» Work instructions: Starting at the first line of the data, print each line verbatim up to and including the line bearing "1月8日,纪念严复诞辰170", omitting pictures.
Raw data Block Start
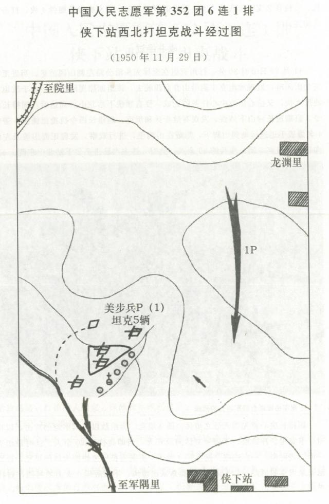 抗美援朝战争中,中国人民志愿军第 40 军 118 师第 352 团 6 连 1 排,于 1950 年 11 月 29 日夜间,在侠下站西北地区与美军第 2 师 1 个步兵排及 5 辆坦克展开激烈战斗。该排官兵勇敢战斗,不怕牺牲,英勇畏敌,机智灵活,出色地完成了战斗任务。战后,6 连 1 排被上级授予"打坦克英雄排"光荣称号。此次战斗,共计毙伤敌 20 余人,炸毁敌坦克 5 辆,缴获各类武器装备和军用物资一部。
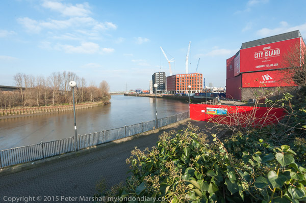 City Island. The bew red bridge across Bow Creek is visible in the distance at right of picture
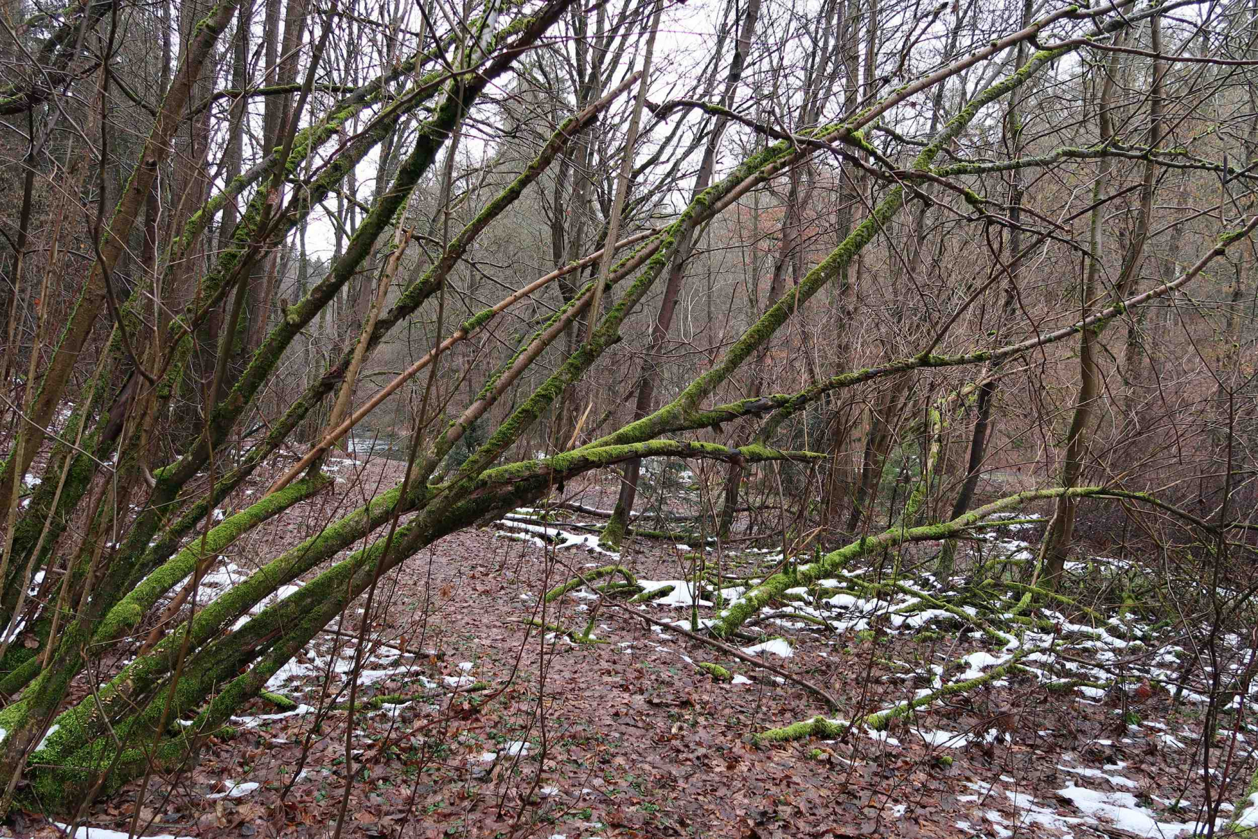 Auf dem Rückweg kam ich durch eine Art Gestrüpp. Hier wachsen angeflogene Pappeln, Hasel und Holunder. Teilweise komplett abgestorben und dick bemoost.
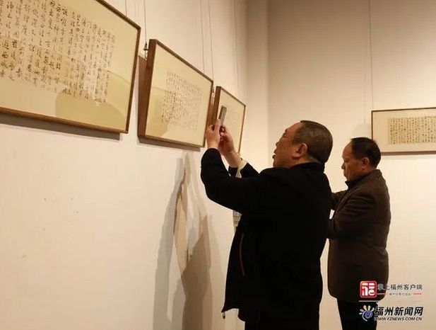 1月8日,纪念严复诞辰170周年翰墨展在福建省画院开幕,展览重点展出严复先生临帖、信札、条幅、中堂、对联、册页等100件,当代书法家书写严复名言、警句、诗词70件。据悉,本次展览向社会公众开放,将持续至1月27日。图为展览吸引观众参观拍照。福州新闻网
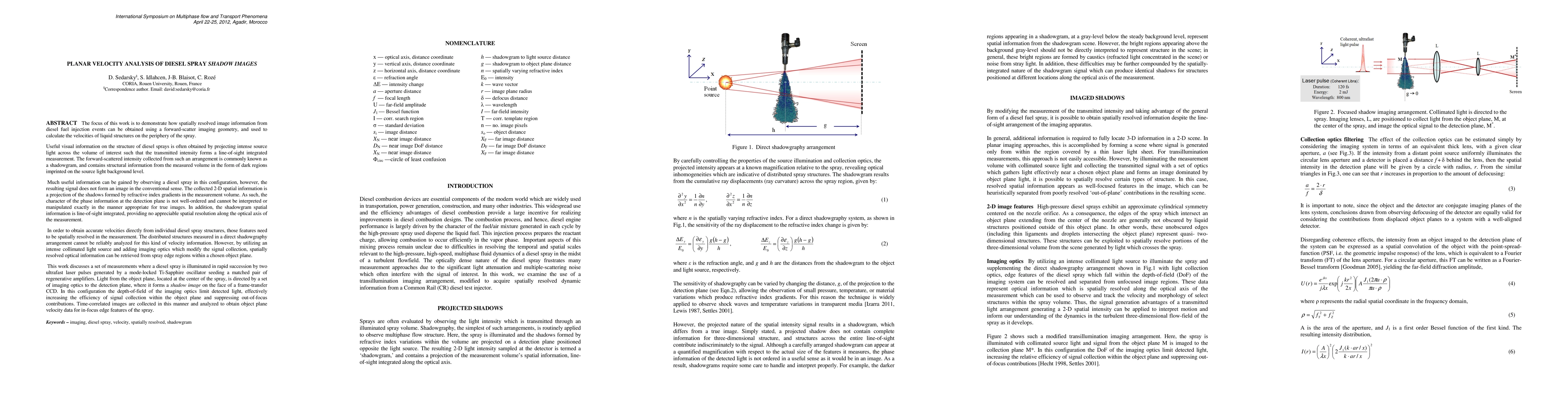 This research demonstrates a method for obtaining spatially resolved velocity data of diesel spray structures using forward-scatter imaging and ultrafast laser pulses. The technique enhances signal collection efficiency and suppresses out-of-focus contributions, enabling accurate velocity calculations of liquid structures at the spray's periphery.
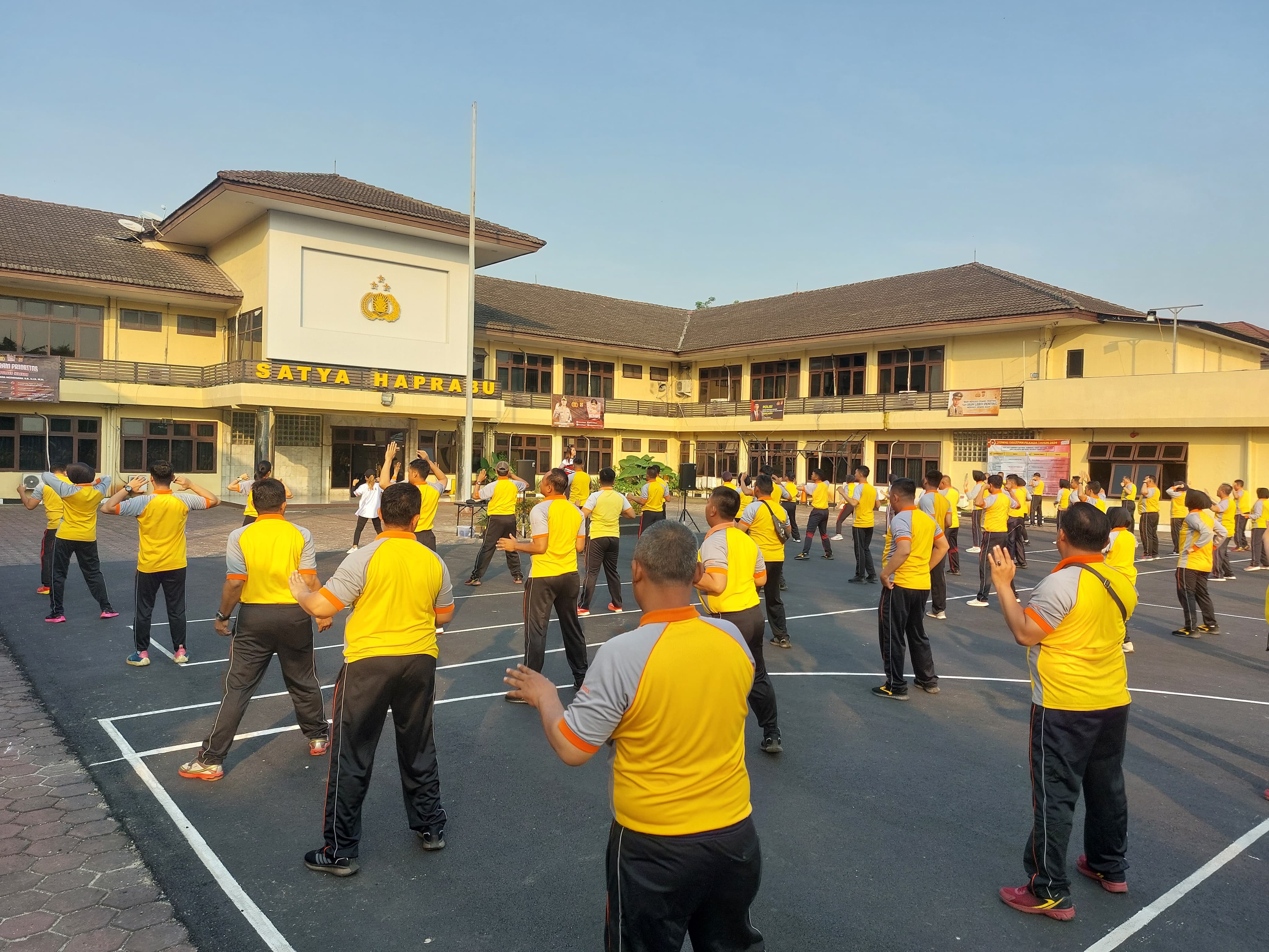 Cilegon,Polres Cilegon Polda Banten Pada Jumat/17/10/2025 Pukul 07.15 Wib, Personil  Polres Cilegon, melaksanakan kegiatan olahraga mandiri di lapangan Polres Cilegon dan melaksanakan senam aerobik di Lapangan polres cilegon.
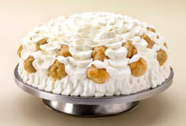 Sportskagen består af knust nougat, flødeskum, makronbund og karamelliserede vandbakkelser.
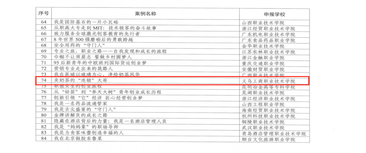 4月16日,高校毕业生就业协会公布《职引未来》首批拟入选职教案例的名单,金年会jinnianhuicom报送的毕业生就创业案例《卖奶茶的“连锁”大哥》榜上有名。
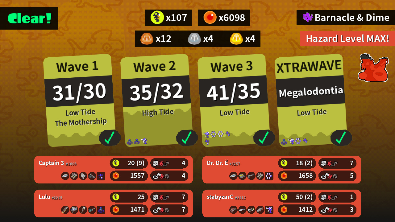 | Weapons | Grizzco Brella Grizzco Dualies Tri-Stringer Bloblobber | Dualie Squelchers E-liter 4K Splattershot Nova S-BLAST '92 | Grizzco Splatana Clash Blaster Octobrush Jet Squelcher | Grizzco Brella Dread Wringer N-ZAP '85 Grizzco Dualies |
Raw data Block End
» Task result:
 抗美援朝战争中,中国人民志愿军第 40 军 118 师第 352 团 6 连 1 排,于 1950 年 11 月 29 日夜间,在侠下站西北地区与美军第 2 师 1 个步兵排及 5 辆坦克展开激烈战斗。该排官兵勇敢战斗,不怕牺牲,英勇畏敌,机智灵活,出色地完成了战斗任务。战后,6 连 1 排被上级授予"打坦克英雄排"光荣称号。此次战斗,共计毙伤敌 20 余人,炸毁敌坦克 5 辆,缴获各类武器装备和军用物资一部。
 City Island. The bew red bridge across Bow Creek is visible in the distance at right of picture
 Auf dem Rückweg kam ich durch eine Art Gestrüpp. Hier wachsen angeflogene Pappeln, Hasel und Holunder. Teilweise komplett abgestorben und dick bemoost.
 1月8日,纪念严复诞辰170周年翰墨展在福建省画院开幕,展览重点展出严复先生临帖、信札、条幅、中堂、对联、册页等100件,当代书法家书写严复名言、警句、诗词70件。据悉,本次展览向社会公众开放,将持续至1月27日。图为展览吸引观众参观拍照。福州新闻网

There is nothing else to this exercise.